Bill would require rural say
More signatures for ballot initiatives would come from outside urban areas
By SEAN ELLIS
BOISE -- A bill that would give farmers and other rural Idahoans more say on proposed ballot initiatives is facing tough scrutiny in the Idaho Legislature but has passed a first hurdle.
The bill, which would require proponents of ballot initiatives and voter referendums to gather signatures outside of only urban areas, is authored by the Idaho Farm Bureau Federation and supported by Food Producers of Idaho, which includes most of the state's main farm groups.
But it faced tough questioning from a few members of the Senate State Affairs Committee during a public hearing that stretched over three days and was heavily against it and at times contentious. Sen. Bart Davis, R-Idaho Falls, the Senate majority leader, chided one person for using what he deemed accusatory language for saying a vote for the bill was a vote for tyranny.
The committee voted 7-2 March 6 to send the bill to the Senate floor with a do-pass recommendation.
Idaho currently requires supporters of proposed ballot initiatives to obtain the signatures of at least 6 percent of registered voters in the state in order to qualify a measure for the ballot.
The bill would require supporters to gather the signatures of at least 6 percent of voters in at least 18 of the state's 35 legislative districts and the total number of signatures would still have to equal at least 6 percent of registered voters statewide.
IFBF lobbyist Russ Hendricks said signature collectors camp out in downtown Boise to gather the vast majority of their signatures and the bill is designed to ensure there is at least a minimal amount of support across a broad section of the state before an initiative qualifies for the ballot.
He noted that it would take only 21 percent of registered voters in Ada County, Idaho's largest county, to meet the current requirement, or 15.5 percent if adjacent Canyon County is included.
A similar bill passed in 1997 that required ballot initiatives to be supported by 6 percent of Idaho voters in at least 22 of the state's 44 counties was struck down by a district court and that ruling was upheld by the 9th U.S. Circuit Court of Appeals.
But Hendricks said the court also wrote that basing any such requirement on legislative districts would be acceptable.
"That's exactly what we're doing with Senate Bill 1108," he said.
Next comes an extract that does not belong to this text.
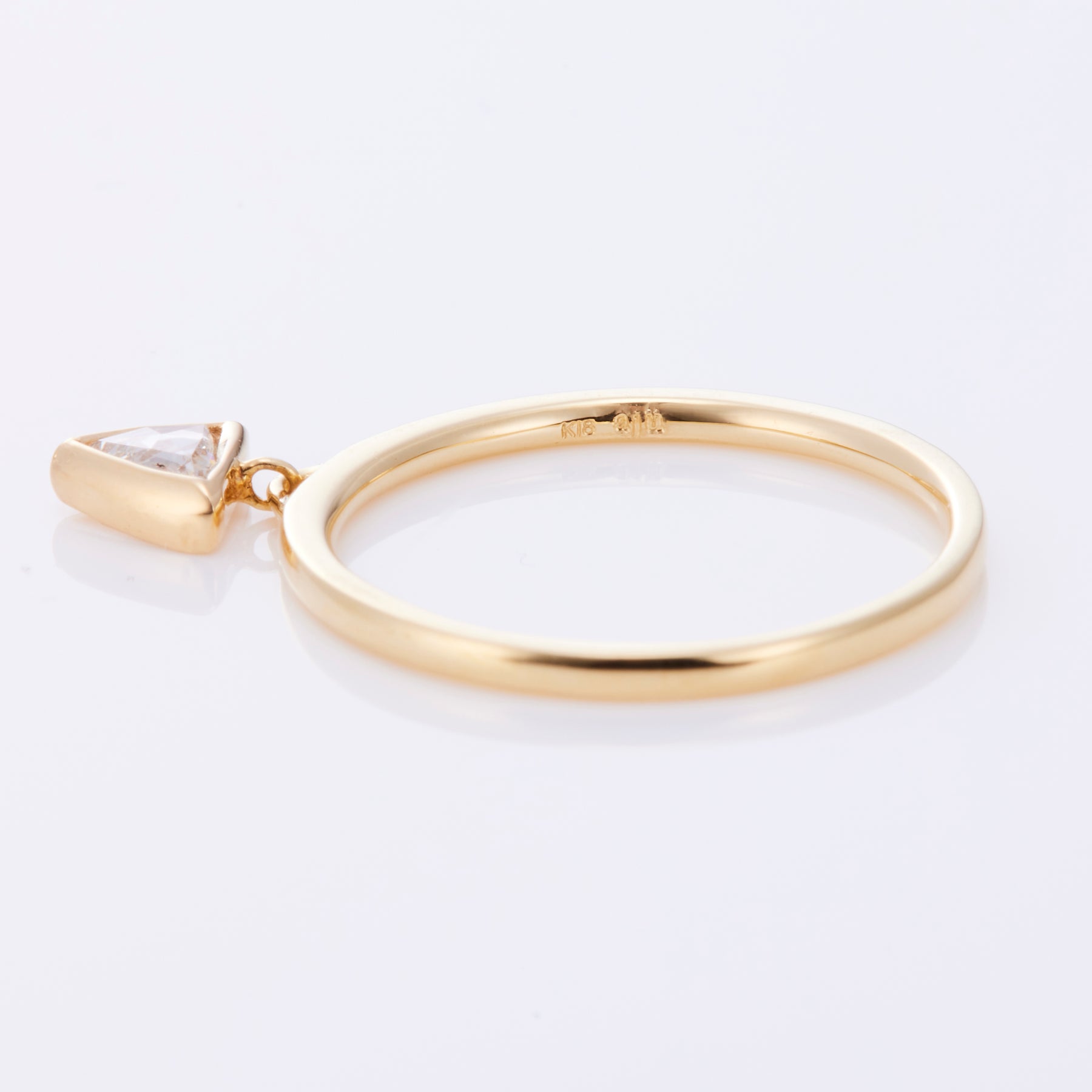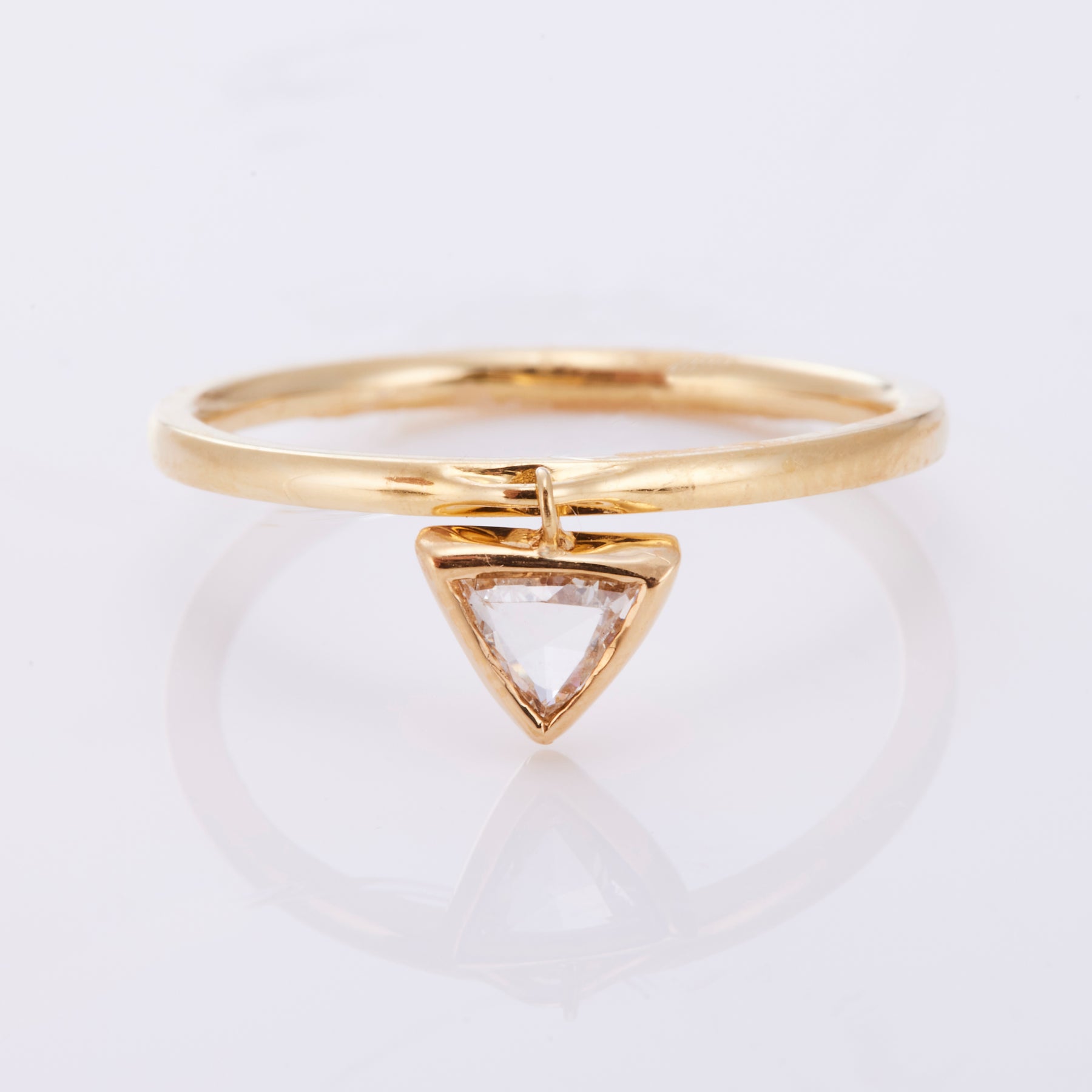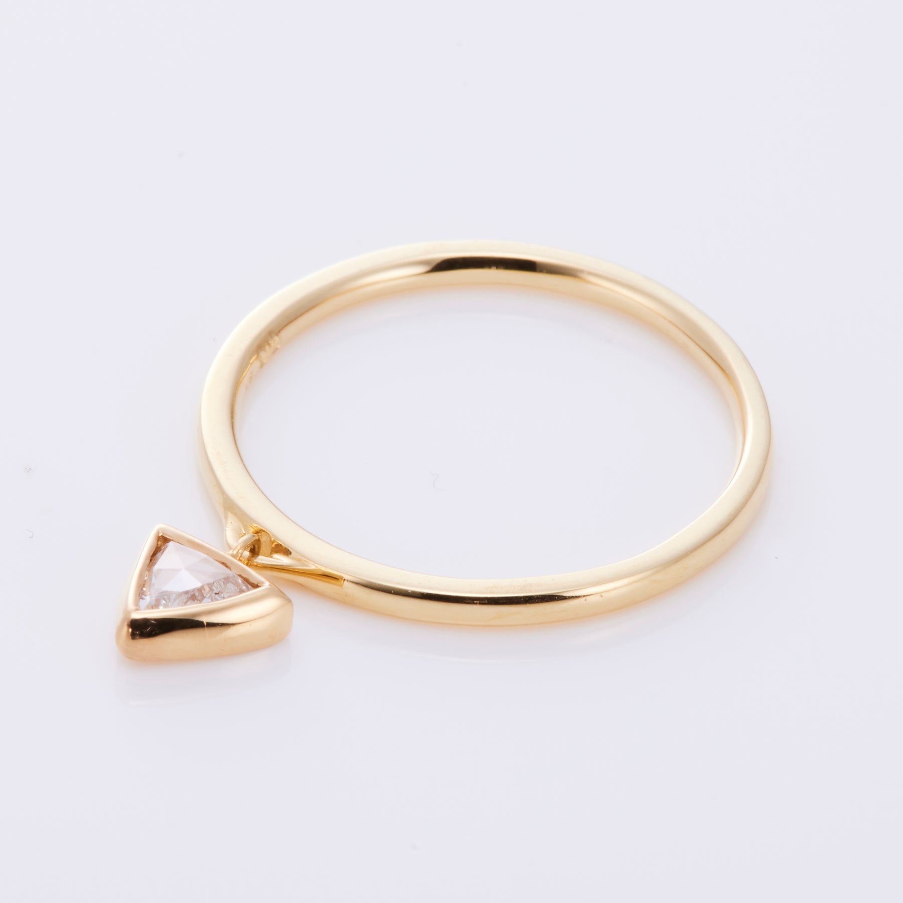 トライアングルのダイヤモンドにゴールドを合わせた18金のリング。ダイヤにはローズカットが施されています。中世のヨーロッパで愛されてきたローズカットは、その形がバラに似ていることから名付けられました。ダイヤモンドのイメージであるブリリアントカットより長い歴史を持つ、アンティークカットです。

The bill was opposed by the nine-member committee's two Democrats, and public testimony was almost all against it.
But Sen. Jeff Siddoway, a Republican sheep rancher from Terreton, liked the idea of giving rural residents more say.
"I don't understand why the people in rural areas don't get a say," he said. "I don't understand why people who shop at Broulim's in St. Anthony aren't every bit as important as the people who shop at Winco in Boise."
Of the 24 states that have ballot initiative processes, 12 have geographic requirements and the requirements in the Idaho bill "would be on the less restrictive side" when compared with the others, said Sen. Curt McKenzie, R-Boise, the committee chairman.